● **WHAT IS NEEDED**
Leave the images aside and repeat the whole listing exactly.

● **DATASET EXTRACT**
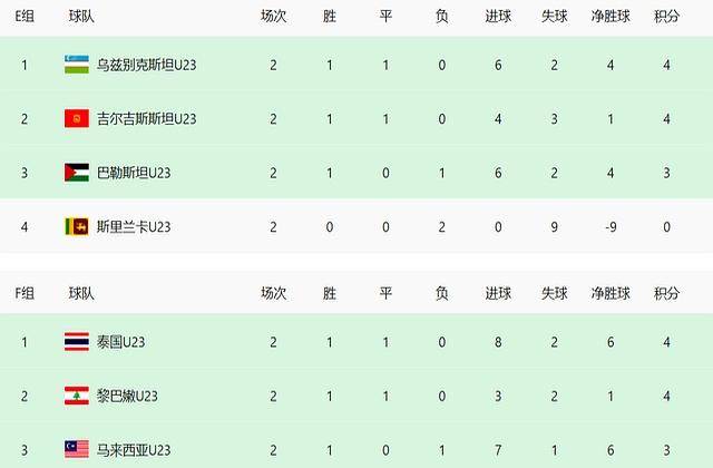E组的乌兹别克斯坦和吉尔吉斯斯坦现在都是4分,F组的泰国和黎巴嫩也是4分。
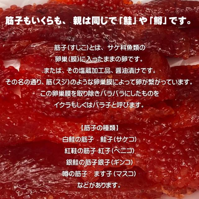 原材料:べにさけすじこ(アメリカ合衆国産)、食塩、粉末水飴/調味料(アミノ酸等)、酸化防止剤(V.C)発色剤(亜硝酸Na)
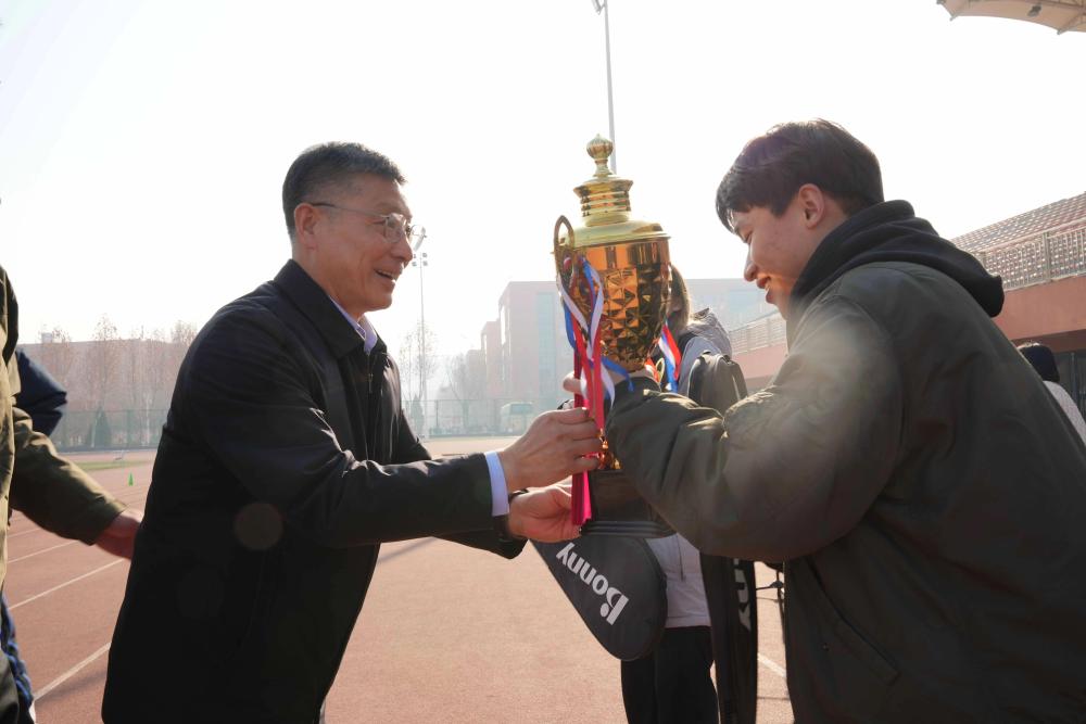 高晓峰副校长致辞,充分肯定了赛事成效,并向所有辛勤付出的工作人员、裁判员及奋勇拼搏的运动员表示衷心感谢,对获奖选手表示祝贺。他强调,体育是校园文化的重要组成部分,不仅能增强身体素质,更能锤炼意志品质、培养团队精神,希望全体师生以本次赛事为契机,积极参与体育锻炼,在运动中收获健康与快乐,以昂扬姿态投入到学习与工作中。

● **TASK ANSWER**
E组的乌兹别克斯坦和吉尔吉斯斯坦现在都是4分,F组的泰国和黎巴嫩也是4分。
 原材料:べにさけすじこ(アメリカ合衆国産)、食塩、粉末水飴/調味料(アミノ酸等)、酸化防止剤(V.C)発色剤(亜硝酸Na)
 高晓峰副校长致辞,充分肯定了赛事成效,并向所有辛勤付出的工作人员、裁判员及奋勇拼搏的运动员表示衷心感谢,对获奖选手表示祝贺。他强调,体育是校园文化的重要组成部分,不仅能增强身体素质,更能锤炼意志品质、培养团队精神,希望全体师生以本次赛事为契机,积极参与体育锻炼,在运动中收获健康与快乐,以昂扬姿态投入到学习与工作中。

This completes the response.